Because the second rode is not connected to the boat, only to the rode, it is simple to disconnect and unwind if the boat has spun.

 A second anchor can actually increase the strain on the anchors, if the angle is too great. The optimum angle for holding is almost always 90-120 degrees; less, and the anchors will still need to reset when the wind shifts, more and the tight-rope effect really piles up the force in a cross wind.  The notion that 2 anchors set close to each other can increase holding is plainly false; even a small wind shift places all of the load on one, and the potential for the second rode to foul the primary anchor is too great. The case that tandem anchors provide increased holding is very weak, though it has proponents. The problem is re-setting; the second anchor will generally keep the primary on it's side, preventing a good bury, and 150% of  standard rode length is required (the second anchor "lifts" the rode by providing tension from the end of the rode).

Generally we use this procedure:
  • Set the first hook at longish scope (14:1) and set.
  • Lower the second hook from the transom, bringing the rode forward outside all of the rigging.
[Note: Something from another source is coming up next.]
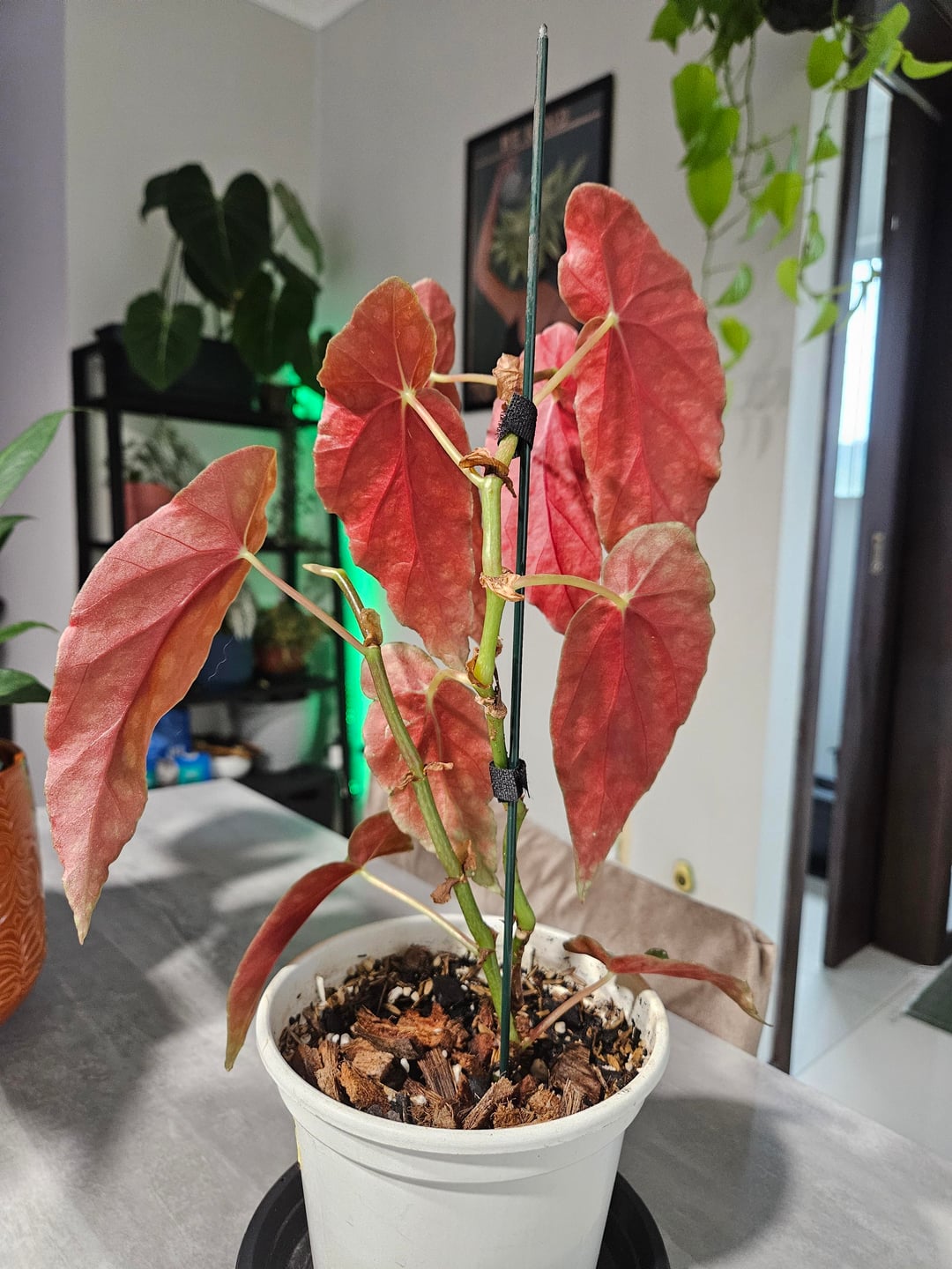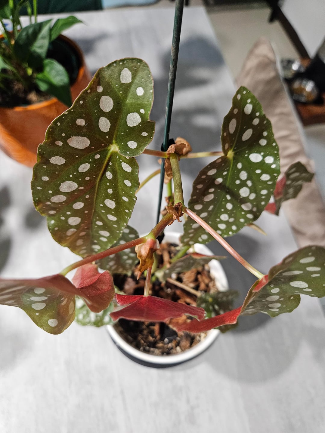 Looks healthy, but very one sided. All of the leaves are turned towards the light source. If you turn your begonias on a regular basis, they will grow more evenly and won’t need stakes.

If I had a heavier anchor I would mount a roller on the stern. This would also make it easier to load into the tender, when that is needed.
  • If we are in shallow water, I can generally feel the hook in with that 35 feet of scope. If not, we shorten the primary as need to get in the right possition.
  • Take in the main rode to desired scope (7:1?).
  • Give the secondary hook a better pull, just feeling it in.
  • Connect secondary rode to the primary as above. Let at least 4 feet of chain out, so that if the boat spins, the chain absorbs the twist.
  • If you're really expecting a blow and want to power set these, wait about 20 minutes and back at a 90 degree angle to a line between the anchors.We've only done that a few times, when we could hear the storms and knew we were anchored in silt. Each time we got to watch a few less diligent--or perhaps just unlucky--souls drift to leeward.

We can row an anchor out if the above procedure won't place the anchor in the right spot... actually, we've done this just once, to see if we could do it from the kayak (no problem). I've run big anchors out for other folks, helping them kedge off, using our tender. However, generally we can place the second anchor from the main boat, by using the engines to swing the boat against the primary anchor, though even that assistance is very seldom needed. 

What if the boat is hanging to the second anchor in a strong wind in the morning? Attach a fender and cast it loose. Don't struggle with it. Retrieve the main anchor while you are drifting back; this should be easy, since you may drift right over it. Then motor back up to the secondary and retrieve. If you don't want to let go, attach a long (150 feet) line to the secondary, release, and follow the same steps. Easy if you have a plan.

With practice, this typically adds about 5 minutes to the anchor drill and has never caused a bit of trouble.